### Entries shown:
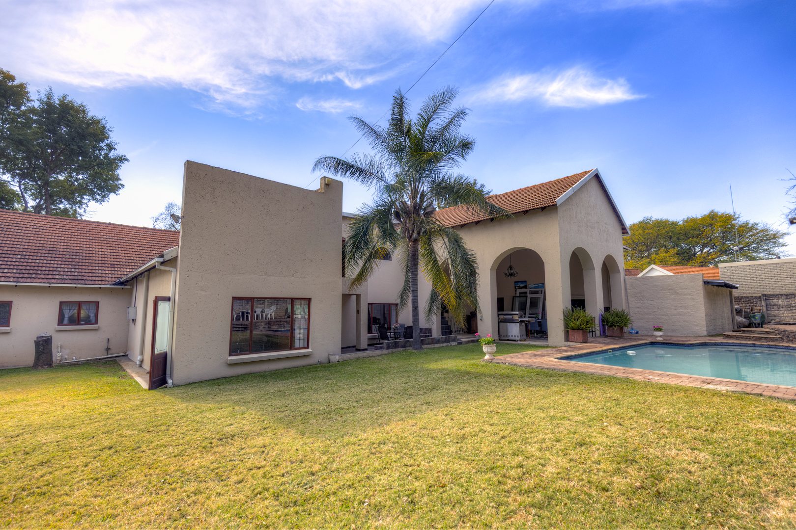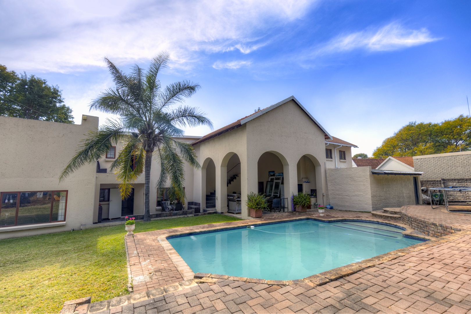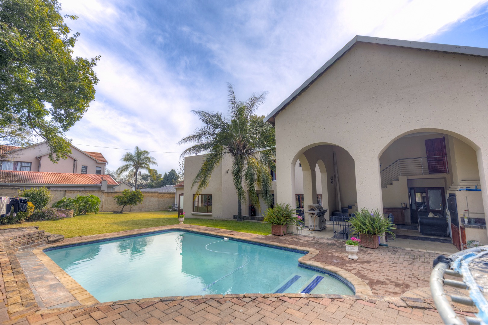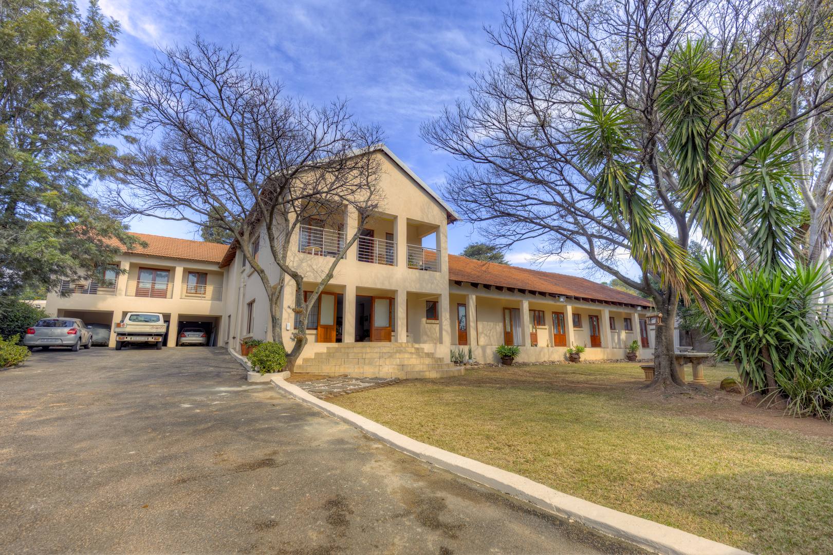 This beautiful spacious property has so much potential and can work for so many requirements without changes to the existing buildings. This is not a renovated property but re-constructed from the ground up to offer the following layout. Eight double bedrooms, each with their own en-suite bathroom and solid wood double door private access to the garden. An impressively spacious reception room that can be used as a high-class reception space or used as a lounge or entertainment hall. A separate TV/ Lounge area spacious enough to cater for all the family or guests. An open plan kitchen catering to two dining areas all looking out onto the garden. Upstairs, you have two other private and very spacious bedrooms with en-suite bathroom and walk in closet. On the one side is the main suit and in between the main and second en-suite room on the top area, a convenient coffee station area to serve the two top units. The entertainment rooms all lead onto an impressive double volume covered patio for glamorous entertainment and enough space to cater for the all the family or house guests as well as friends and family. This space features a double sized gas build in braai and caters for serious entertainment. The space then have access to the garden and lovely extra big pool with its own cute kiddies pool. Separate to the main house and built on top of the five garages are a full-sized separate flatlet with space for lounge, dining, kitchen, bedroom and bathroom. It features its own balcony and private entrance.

==

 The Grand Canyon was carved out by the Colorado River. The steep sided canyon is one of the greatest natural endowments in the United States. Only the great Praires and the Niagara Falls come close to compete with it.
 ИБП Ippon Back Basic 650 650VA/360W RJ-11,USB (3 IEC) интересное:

### Task directions:
Each line in the entries above, starting at the line with "The Grand Canyon" and ending at the line with "ИБП Ippon Back", is to be printed exactly, and only those lines.

### Output of the task:
 The Grand Canyon was carved out by the Colorado River. The steep sided canyon is one of the greatest natural endowments in the United States. Only the great Praires and the Niagara Falls come close to compete with it.
 ИБП Ippon Back Basic 650 650VA/360W RJ-11,USB (3 IEC) интересное:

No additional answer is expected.